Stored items
[Start of section]

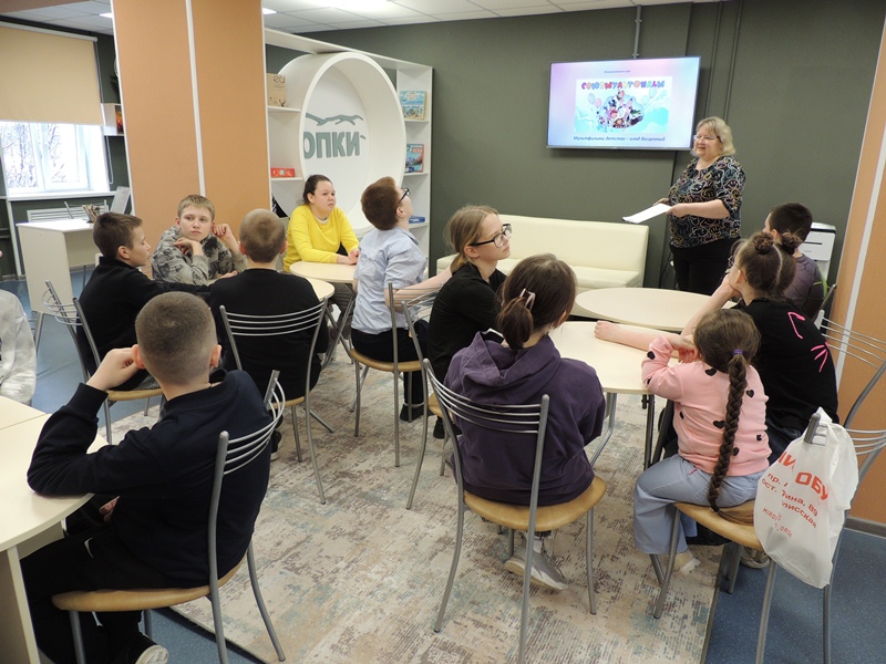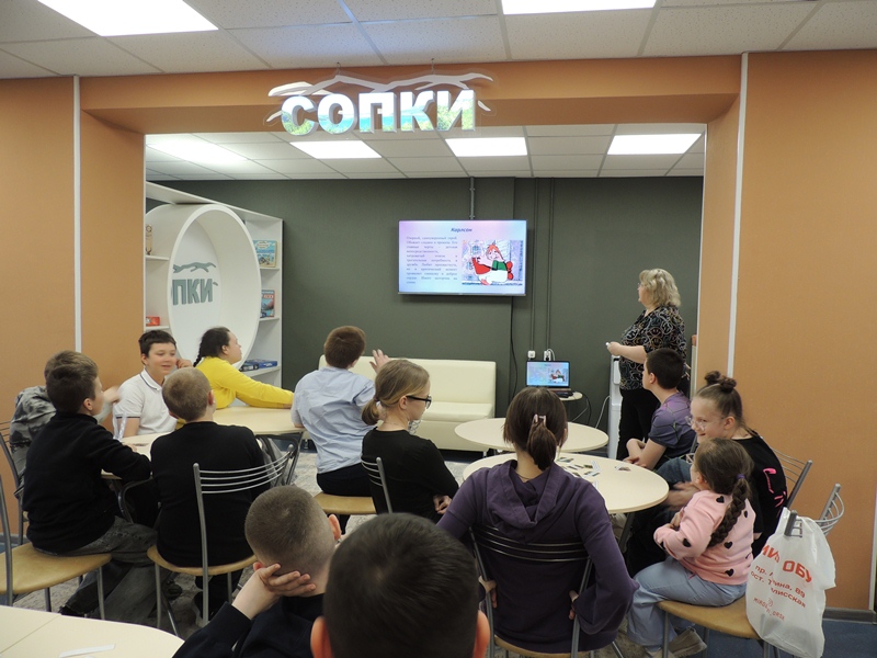 22 апреля в Сафоновской городской библиотеке-филиале прошло познавательно-развлекательное мероприятие для учеников 5 класса, посвященное киностудии «Союзмультфильм».Встреча, посвященная мультипликации, состоялась в игровой форме, ребятам были предложены разные задания, где они должны были узнать героя мультфильма по фразе, разгадать мультребус, узнать героя по описанию, угадать название мультика по предметам или по описанию, ну и разгадать из какого мультфильма та или иная песня.
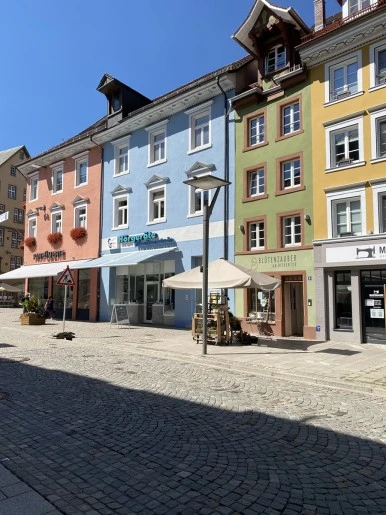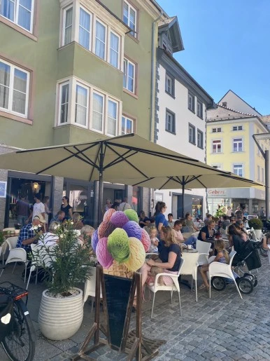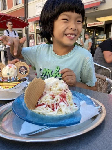 늘어선 상점들의 쇼윈도를 구경하며 울퉁불퉁 돌바닥을 따라 걷다가 아이들이 아이스크림 사인을 보더니 걸음을 멈춘다. 그러고 보니 유난히 아이스크림 가게가 많다. 거의 모든 카페와 식당은 외부 테라스 테이블이 함께 있는데 우리도 밖에 앉기로 했다. 독일로 이주한 지 6개월뿐이 되지 않은 꼬마 숙녀들이지만 한국에서 온 환브로를 위해 독일어 메뉴도 설명해 주고 유창하게 주문도 해준다. 환브로는 윤서와 예윤이의 독일어가 신기하면서도 웃긴가 보다. 주문을 성공적으로 한 예윤이의 표정이 자신만만하다. 아이들이 주문한 꼬불꼬불 스파게티 모양의 아이스크림이 나왔는데 정말 비주얼이 그럴싸하다. 나는 시원한 아이스 아메리카노를 원했지만, 알고 있었다. 유럽 카페엔 아이스가 없다는 걸,, 독일이라고 예외는 아니었다. 유럽에선 아이스커피를 시켜도 얼음이 없다. 심지어 아이스크림 커피를 준다. (달달한 냉기 있는 카페라테) 유럽에서의 아이스커피는 coffee+ice cream 인가 보다. 그래서 iced coffee please~ 하면 그냥 차가운 커피를 준다. 민경 씨도 독일에 와서 가장 그리운 것 중 하나가 한국 카페의 아아 (iced Americano)라고 했다. 더운 여름날에 미지근한 커피라니.... 마치 엄청 더운 날 살얼음 없는 미지근한 물냉면을 마주하는 기분이라고나 할까? 우린 미지근한 라테 한 잔으로 만족해야 했지만, 테라스의 햇살과 가끔 불어오는 시원한 바람으로도 충분히 만족스럽긴 했다.
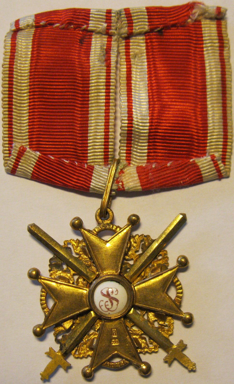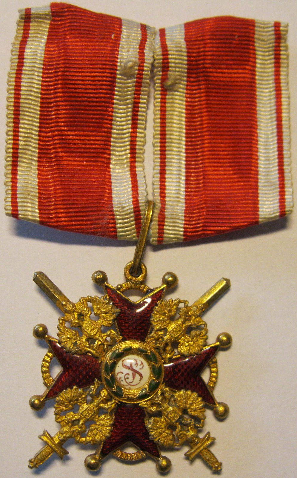 Имелась в виду низшая, 3-я степень, для ношения на груди ("в петлице", как писали классики). С мечами - для военных.
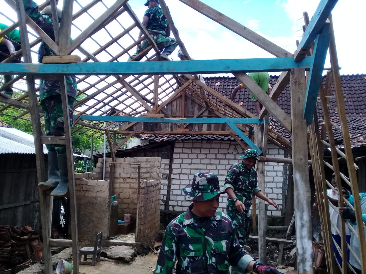 Pelda Bambang selaku Bati Tuud Koramil 02/Jepon, mengatakan, “Kondisi rumah Bapak Suliat tidak sama dengan sasaran RTLH lainnya, hampir seluruh bagian rumah berbahan kayu yang sudah berlobang disana-sini, jadi rentan lapuk dan patah”.
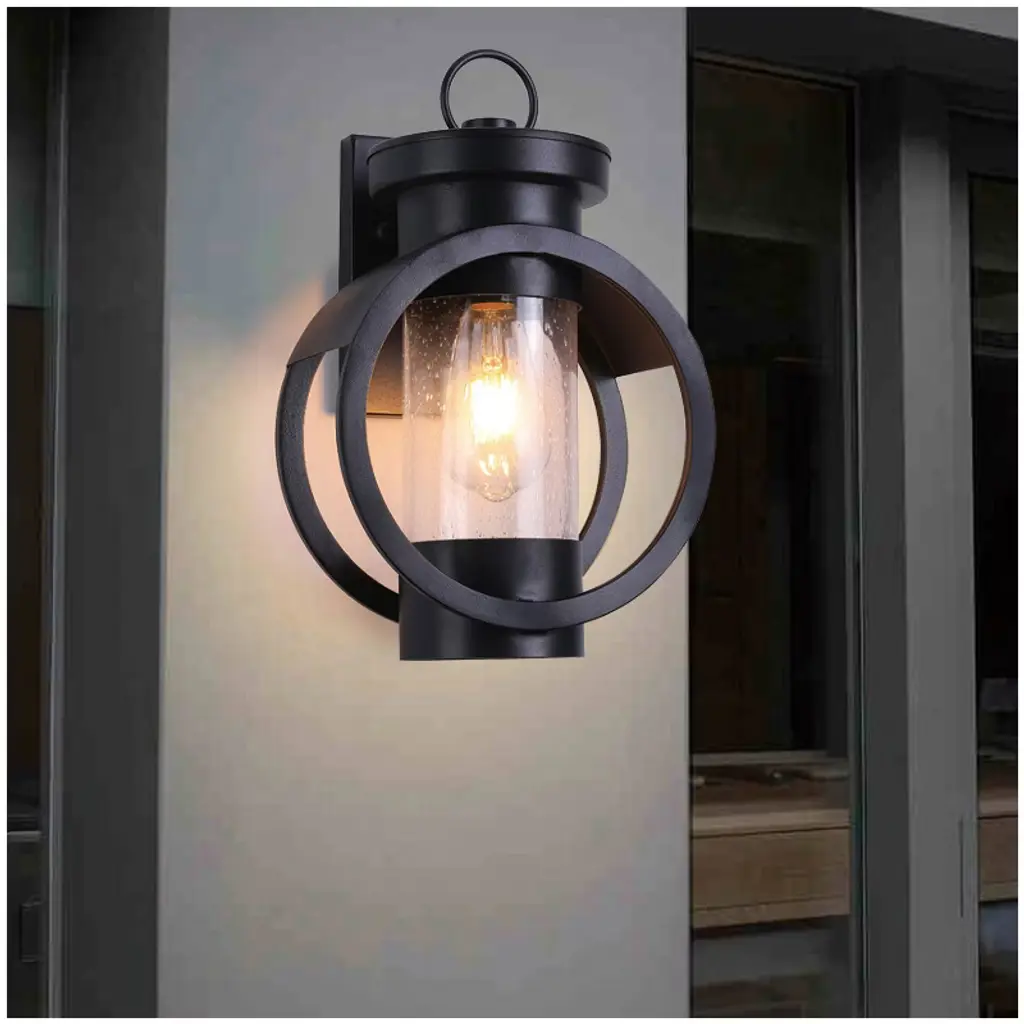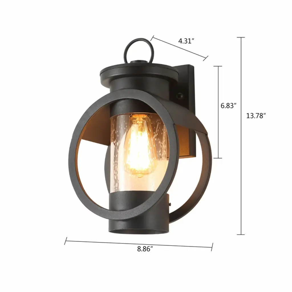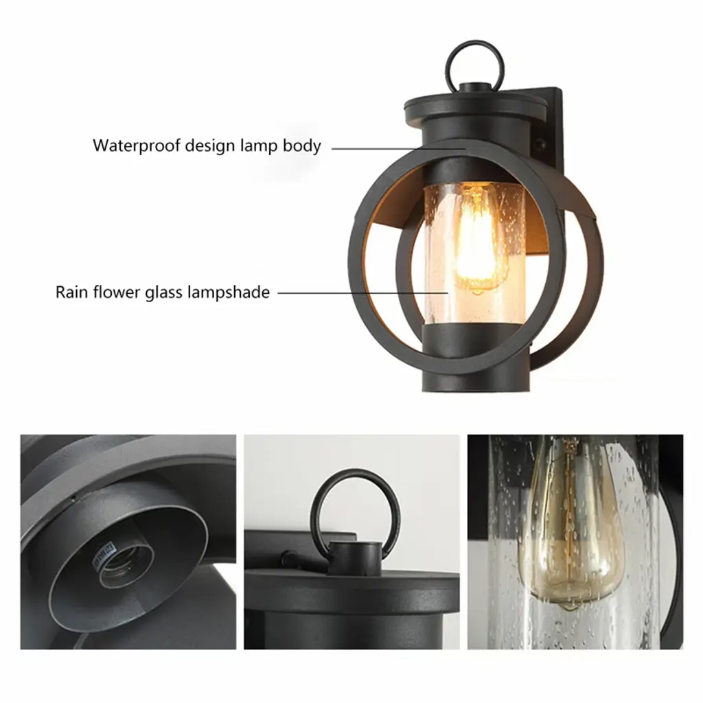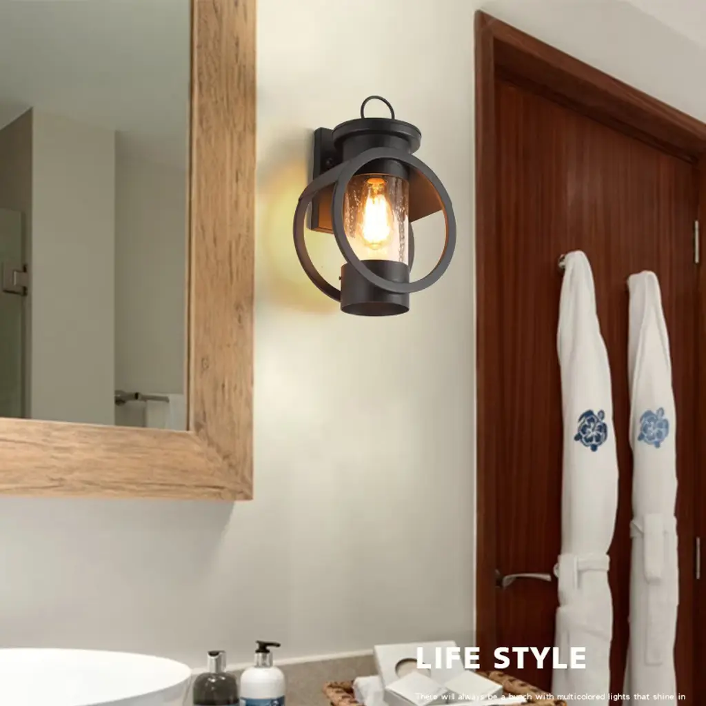 Elevate your indoor and outdoor spaces with this elegant and durable wall light. Designed to create a tranquil and cozy atmosphere, it serves as both a stylish decor highlight and a reliable companion for daily life. Its robust construction ensures long-lasting performance, while the wide illumination and IP65 waterproof rating make it perfect for any setting, from bedrooms and living rooms to patios and gardens. Simple to install and compatible with various bulbs, this versatile fixture is an ideal choice for enhancing your home’s aesthetic and warmth. Specifications Material: Iron, Glass Color: Black Style: Modern Process: High-temperature Baking Paint Efficiency: E Mount Type: Wall Mount Installation Required: Yes Indoor/Outdoor Usage: Outdoor, Indoor Light Source: 1* E26 Bulb (Not Included) Control Method: Wall Switch(Not Included) Applicable Max. Bulb Power: 60W Voltage: 110-240V Waterproof Level: IP65 Applicable Area: 6-12m²/64.58-129.17ft² Base Size: 10.95*17.35cm/4.31*6.83in Product Size(L*H): 22.5*35cm/8.86*13.78in

[End of section]

From the first line to the last, set down the records above exactly and skip the pictures.

 22 апреля в Сафоновской городской библиотеке-филиале прошло познавательно-развлекательное мероприятие для учеников 5 класса, посвященное киностудии «Союзмультфильм».Встреча, посвященная мультипликации, состоялась в игровой форме, ребятам были предложены разные задания, где они должны были узнать героя мультфильма по фразе, разгадать мультребус, узнать героя по описанию, угадать название мультика по предметам или по описанию, ну и разгадать из какого мультфильма та или иная песня.
 늘어선 상점들의 쇼윈도를 구경하며 울퉁불퉁 돌바닥을 따라 걷다가 아이들이 아이스크림 사인을 보더니 걸음을 멈춘다. 그러고 보니 유난히 아이스크림 가게가 많다. 거의 모든 카페와 식당은 외부 테라스 테이블이 함께 있는데 우리도 밖에 앉기로 했다. 독일로 이주한 지 6개월뿐이 되지 않은 꼬마 숙녀들이지만 한국에서 온 환브로를 위해 독일어 메뉴도 설명해 주고 유창하게 주문도 해준다. 환브로는 윤서와 예윤이의 독일어가 신기하면서도 웃긴가 보다. 주문을 성공적으로 한 예윤이의 표정이 자신만만하다. 아이들이 주문한 꼬불꼬불 스파게티 모양의 아이스크림이 나왔는데 정말 비주얼이 그럴싸하다. 나는 시원한 아이스 아메리카노를 원했지만, 알고 있었다. 유럽 카페엔 아이스가 없다는 걸,, 독일이라고 예외는 아니었다. 유럽에선 아이스커피를 시켜도 얼음이 없다. 심지어 아이스크림 커피를 준다. (달달한 냉기 있는 카페라테) 유럽에서의 아이스커피는 coffee+ice cream 인가 보다. 그래서 iced coffee please~ 하면 그냥 차가운 커피를 준다. 민경 씨도 독일에 와서 가장 그리운 것 중 하나가 한국 카페의 아아 (iced Americano)라고 했다. 더운 여름날에 미지근한 커피라니.... 마치 엄청 더운 날 살얼음 없는 미지근한 물냉면을 마주하는 기분이라고나 할까? 우린 미지근한 라테 한 잔으로 만족해야 했지만, 테라스의 햇살과 가끔 불어오는 시원한 바람으로도 충분히 만족스럽긴 했다.
 Имелась в виду низшая, 3-я степень, для ношения на груди ("в петлице", как писали классики). С мечами - для военных.
 Pelda Bambang selaku Bati Tuud Koramil 02/Jepon, mengatakan, “Kondisi rumah Bapak Suliat tidak sama dengan sasaran RTLH lainnya, hampir seluruh bagian rumah berbahan kayu yang sudah berlobang disana-sini, jadi rentan lapuk dan patah”.
 Elevate your indoor and outdoor spaces with this elegant and durable wall light. Designed to create a tranquil and cozy atmosphere, it serves as both a stylish decor highlight and a reliable companion for daily life. Its robust construction ensures long-lasting performance, while the wide illumination and IP65 waterproof rating make it perfect for any setting, from bedrooms and living rooms to patios and gardens. Simple to install and compatible with various bulbs, this versatile fixture is an ideal choice for enhancing your home’s aesthetic and warmth. Specifications Material: Iron, Glass Color: Black Style: Modern Process: High-temperature Baking Paint Efficiency: E Mount Type: Wall Mount Installation Required: Yes Indoor/Outdoor Usage: Outdoor, Indoor Light Source: 1* E26 Bulb (Not Included) Control Method: Wall Switch(Not Included) Applicable Max. Bulb Power: 60W Voltage: 110-240V Waterproof Level: IP65 Applicable Area: 6-12m²/64.58-129.17ft² Base Size: 10.95*17.35cm/4.31*6.83in Product Size(L*H): 22.5*35cm/8.86*13.78in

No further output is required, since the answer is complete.